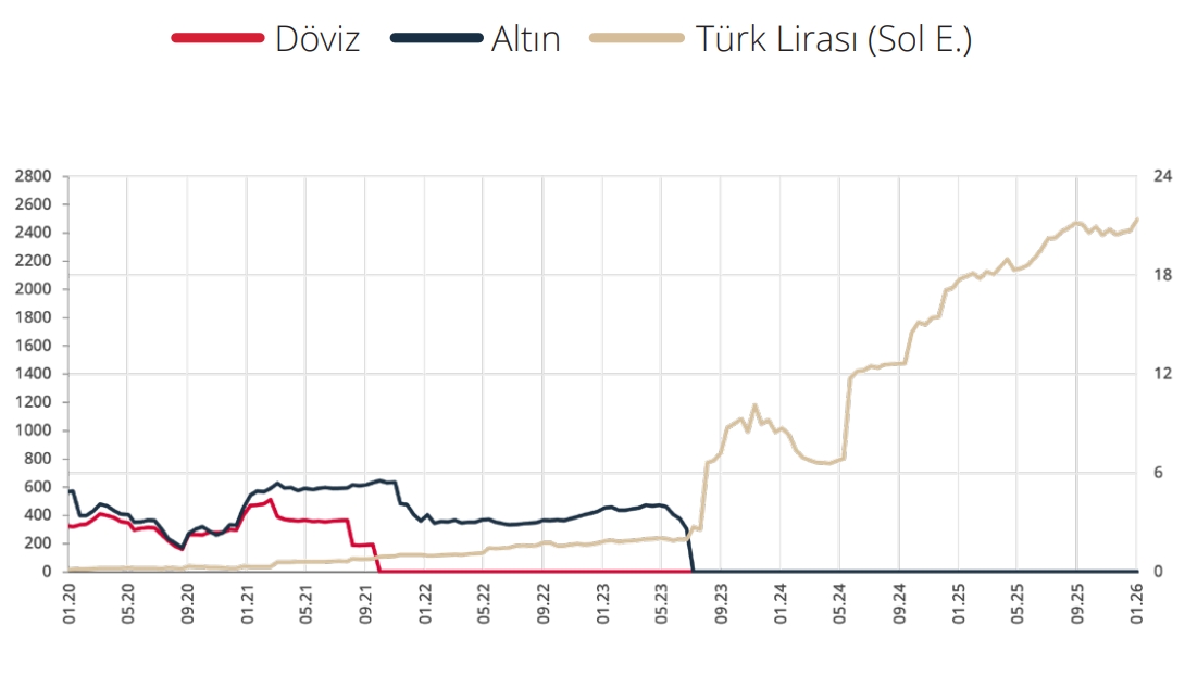 20 Ocak 2025 tarihi itibarıyla KKM hesaplarında 6 ve 12 ay vadeli hesap açma ve yenileme işlemleri sonlandırılmıştır. 15 Şubat 2025 itibarıyla tüzel kişilerin KKM hesabı (YUVAM hesapları dahil) açma ve yenileme işlemleri sonlandırılmış ve tüzel kişi KKM hesapları, KKM’nin TL’ye geçişine ve yenilenmesine ilişkin hedeflerden çıkarılmıştır. 21 Haziran 2025 tarihinde 6 aya kadar vadeli KKM hesaplarına uygulanan ZK oranı yüzde 33’ten yüzde 40’a yükseltilmiş, KKM hesapları için belirlenen asgari faiz oranı düşürülmüştür. Aynı tarihte KKM’den TL’ye geçiş hedefi kaldırılırken KKM’nin yenilenmesi ve TL’ye geçişine ilişkin toplam hedef korunmuştur. 23 Ağustos 2025 tarihinde ise KKM hesap açma ve yenileme işlemleri (YUVAM hesapları hariç) gerçek kişiler için de sonlandırılmıştır. Bu karar ile birlikte KKM’nin TL’ye geçişine ve yenilenmesine ilişkin toplam hedef kaldırılarak ZK faiz/telafi ve komisyon düzenlemeleri gözden geçirilmiştir. Atılan adımlar sonucunda 2023 Ağustos ayı itibarıyla 143 milyar ABD dolarına ulaşmış olan KKM bakiyesi 2025 yılı sonunda sıfıra yakın seviyelere gerilemiştir.
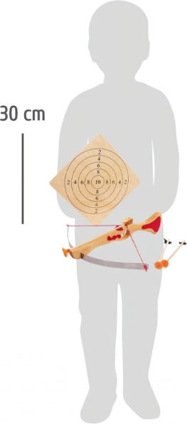 Denne robuste børnekors af naturtræ med røde detaljer giver en realistisk skydeoplevelse og har fokus på sikkerhed. Sugekopspilene hæfter på glatte flader og mål, hvilket gør præcisionstræning både sjov og sikker.
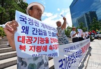 ,, 등 보수단체들이16일 오후 서울 중구 태평로 파이낸스빌딩 앞에서 기자회견을 가졌다.이날 기자회견을 통해[불법천막농성]을 벌이고 있는 민주당 등이[국정원 해체]를 주장하는 것을 강하게 비판했다.
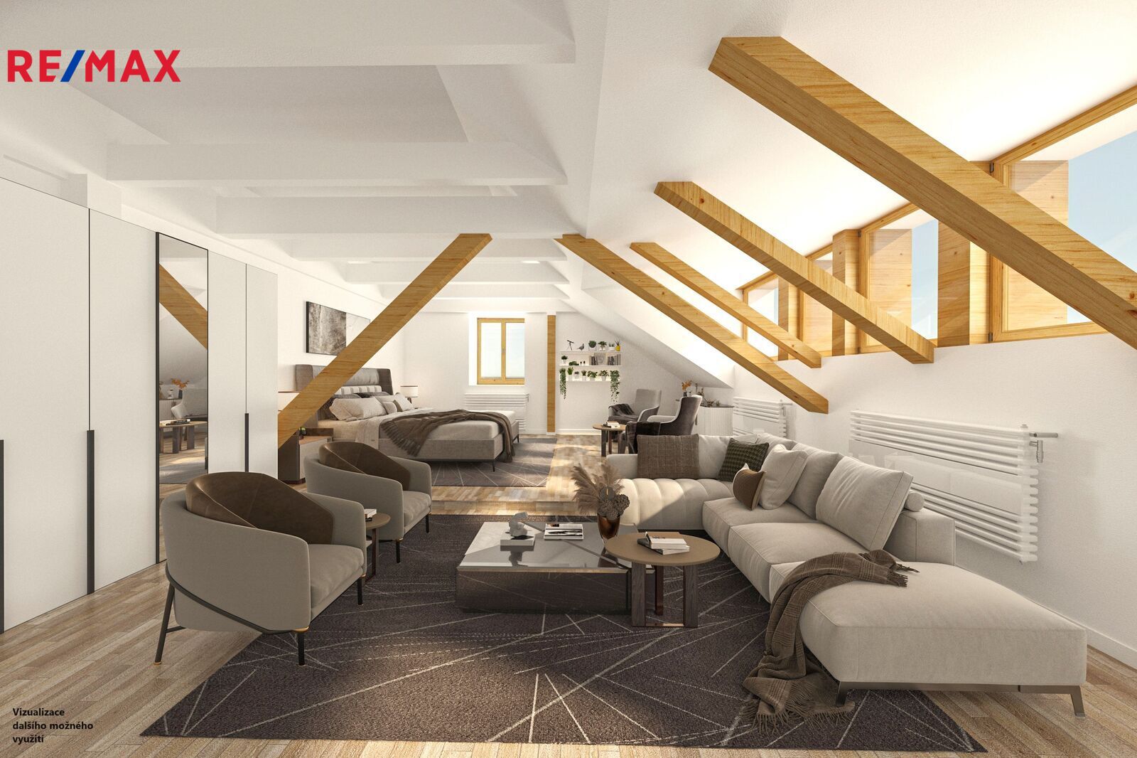 3. NP: Stylový otevřený podkrovní prostor s kuchyňským koutem a samostatným WC.
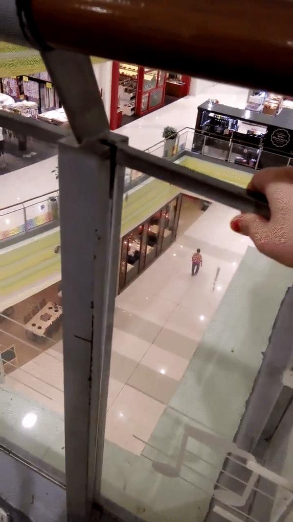 Tấm kính lan can trong một trung tâm thương mại đang thu hút sự quan tâm của dư luận. Theo đó, tấm kính này có thể dễ dàng tháo ra, đẩy ra ngoài bất cứ lúc nào. Nếu bạn không may dựa vào chúng, chúng sẽ rơi xuống ngay lập tức.
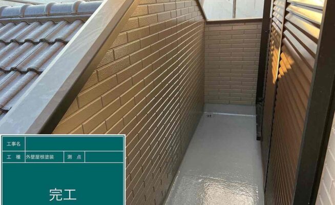 ご相談 ベランダの塗膜が薄くなっており、防水機能が弱まっていた。工事内容 1.高圧洗浄 2.下塗り 3.中塗り 4.上塗り 5.完工
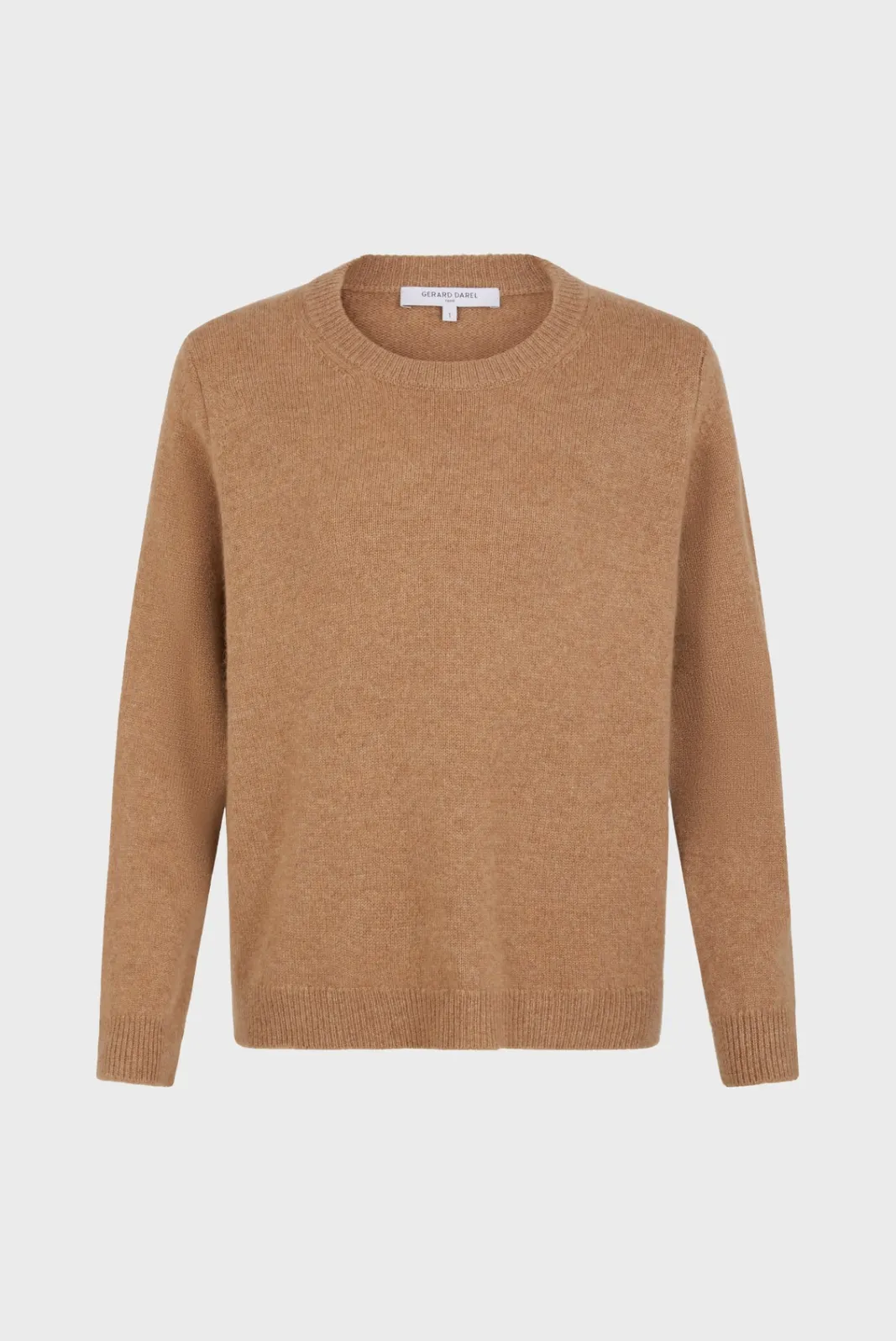 100% cashmere round neck sweater for ultimate softness. Timeless camel color.

> [EXERCISE AIM]:
Exact transcription of the full listing above is required; images do not belong in it.

> [TASK RESPONSE]:
 20 Ocak 2025 tarihi itibarıyla KKM hesaplarında 6 ve 12 ay vadeli hesap açma ve yenileme işlemleri sonlandırılmıştır. 15 Şubat 2025 itibarıyla tüzel kişilerin KKM hesabı (YUVAM hesapları dahil) açma ve yenileme işlemleri sonlandırılmış ve tüzel kişi KKM hesapları, KKM’nin TL’ye geçişine ve yenilenmesine ilişkin hedeflerden çıkarılmıştır. 21 Haziran 2025 tarihinde 6 aya kadar vadeli KKM hesaplarına uygulanan ZK oranı yüzde 33’ten yüzde 40’a yükseltilmiş, KKM hesapları için belirlenen asgari faiz oranı düşürülmüştür. Aynı tarihte KKM’den TL’ye geçiş hedefi kaldırılırken KKM’nin yenilenmesi ve TL’ye geçişine ilişkin toplam hedef korunmuştur. 23 Ağustos 2025 tarihinde ise KKM hesap açma ve yenileme işlemleri (YUVAM hesapları hariç) gerçek kişiler için de sonlandırılmıştır. Bu karar ile birlikte KKM’nin TL’ye geçişine ve yenilenmesine ilişkin toplam hedef kaldırılarak ZK faiz/telafi ve komisyon düzenlemeleri gözden geçirilmiştir. Atılan adımlar sonucunda 2023 Ağustos ayı itibarıyla 143 milyar ABD dolarına ulaşmış olan KKM bakiyesi 2025 yılı sonunda sıfıra yakın seviyelere gerilemiştir.
 Denne robuste børnekors af naturtræ med røde detaljer giver en realistisk skydeoplevelse og har fokus på sikkerhed. Sugekopspilene hæfter på glatte flader og mål, hvilket gør præcisionstræning både sjov og sikker.
 ,, 등 보수단체들이16일 오후 서울 중구 태평로 파이낸스빌딩 앞에서 기자회견을 가졌다.이날 기자회견을 통해[불법천막농성]을 벌이고 있는 민주당 등이[국정원 해체]를 주장하는 것을 강하게 비판했다.
 3. NP: Stylový otevřený podkrovní prostor s kuchyňským koutem a samostatným WC.
 Tấm kính lan can trong một trung tâm thương mại đang thu hút sự quan tâm của dư luận. Theo đó, tấm kính này có thể dễ dàng tháo ra, đẩy ra ngoài bất cứ lúc nào. Nếu bạn không may dựa vào chúng, chúng sẽ rơi xuống ngay lập tức.
 ご相談 ベランダの塗膜が薄くなっており、防水機能が弱まっていた。工事内容 1.高圧洗浄 2.下塗り 3.中塗り 4.上塗り 5.完工
 100% cashmere round neck sweater for ultimate softness. Timeless camel color.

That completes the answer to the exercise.